The most important shift, though, concerns data quality. When analytics only fed a dashboard, bad data produced a bad report — annoying but recoverable. As AI systems begin triggering decisions automatically, that same bad data now produces a bad action, at speed and at scale. This is exactly why serious AI Development depends so heavily on the data foundation beneath it. You cannot build reliable automation on numbers you do not trust. Strong data foundations give AI the context it needs, and the businesses treating data and AI as one connected strategy are the ones actually moving past the pilot stage.
Where AI fits in
It is hard to discuss analytics in 2026 without discussing AI, and the two are no longer separate disciplines. Forecasting models, predictive systems, and chatbots that let staff query company data conversationally all sit on top of the same pipelines that analytics consulting builds. This is why businesses increasingly want one partner across both, rather than two vendors pointing at each other.

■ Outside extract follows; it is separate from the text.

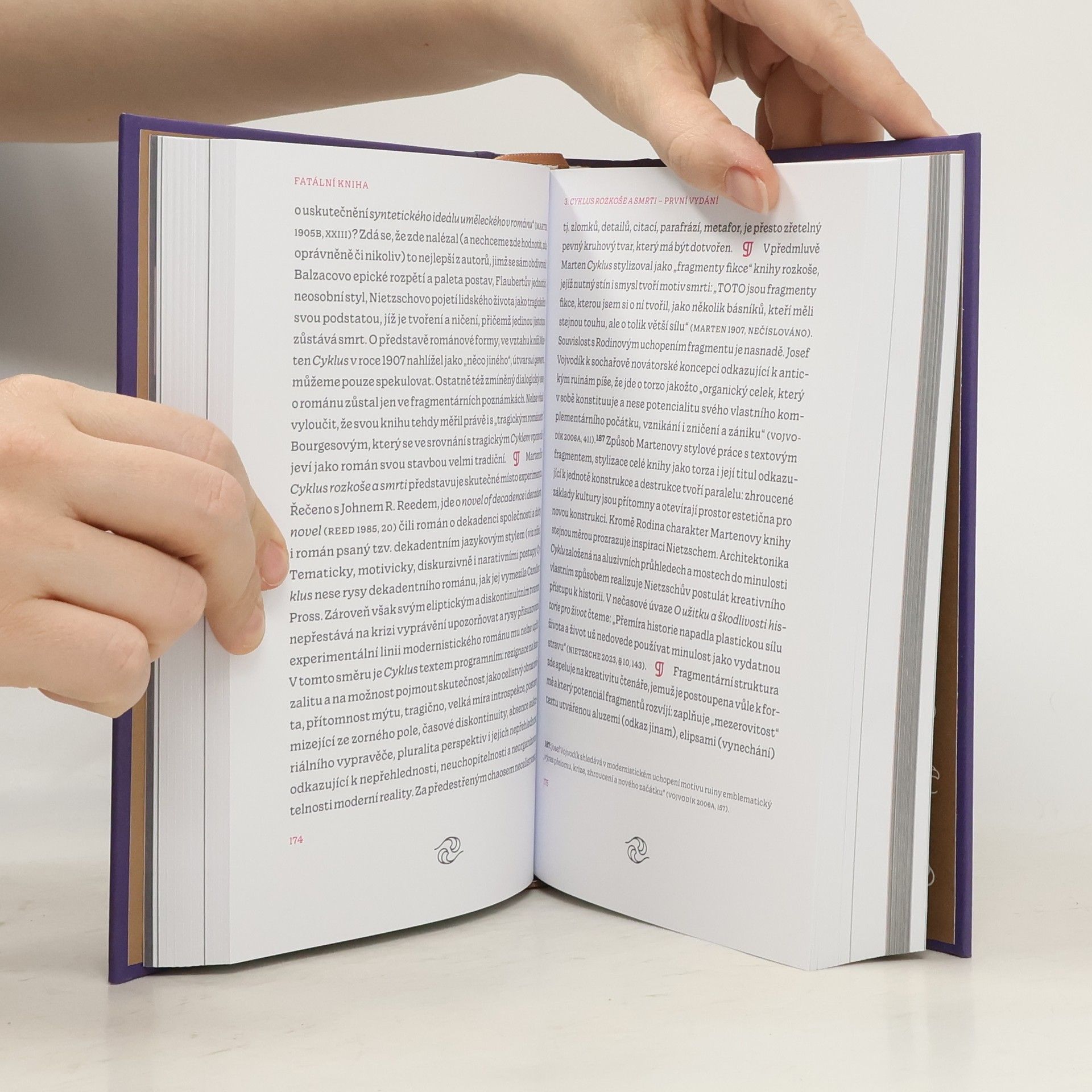 Umělecká tvorba Miloše Martena (1883–1917) bývá literární historií vykládána pouze jako doplněk jeho kritické a esejistické činnosti. Tato kniha od hierarchizující perspektivy odhlíží a zaměřuje se na autorův prozaický Cyklus rozkoše a smrti v jeho dvou verzích: prvotní (1907) a výsledné (1925), jejíž podobu ovlivnila autorova přímá válečná zkušenost. Stylizovaná literárnost, design knihy i tematizace diskurzů o degeneraci lidstva a nákaze uměním činí z první verze dekadentní poisonous book, jejíž četba je inscenována jako fatální iniciace do světa „mimo dobro a zlo“. Publikace na základě archivního výzkumu mapuje okolnosti Martenova přepisu díla a současně zprostředkovává osobitou zpověď intelektuála v soukolí dějin, který utvářel svou vlastní identitu mezi „Západem“ a „Východem“ a mezi jejich texty i jazyky.

At Aleddo Technologies, as a Dubai AI Seal enterprise, every analytics and data engineering solution is built with future AI integration in mind, so businesses are not forced into a costly rebuild later when they decide to add an AI layer. We work with organisations across the UAE — including leading banks — on this exact mix of Data Analytics Consulting Services, data engineering, and custom AI Development.
The bottom line
The businesses pulling ahead are not the ones with the most data. They are the ones who have made their data usable and trustworthy, and set it up so AI can build on that foundation rather than fight it.
For most companies, getting there alone is slower and more expensive than it needs to be. That is the real argument for analytics consulting — not that you cannot do it yourself, but that an experienced partner gets you there with fewer false starts. And if your data is currently spread across systems that do not talk to each other, that is not a sign you are behind. It is the most common starting point there is.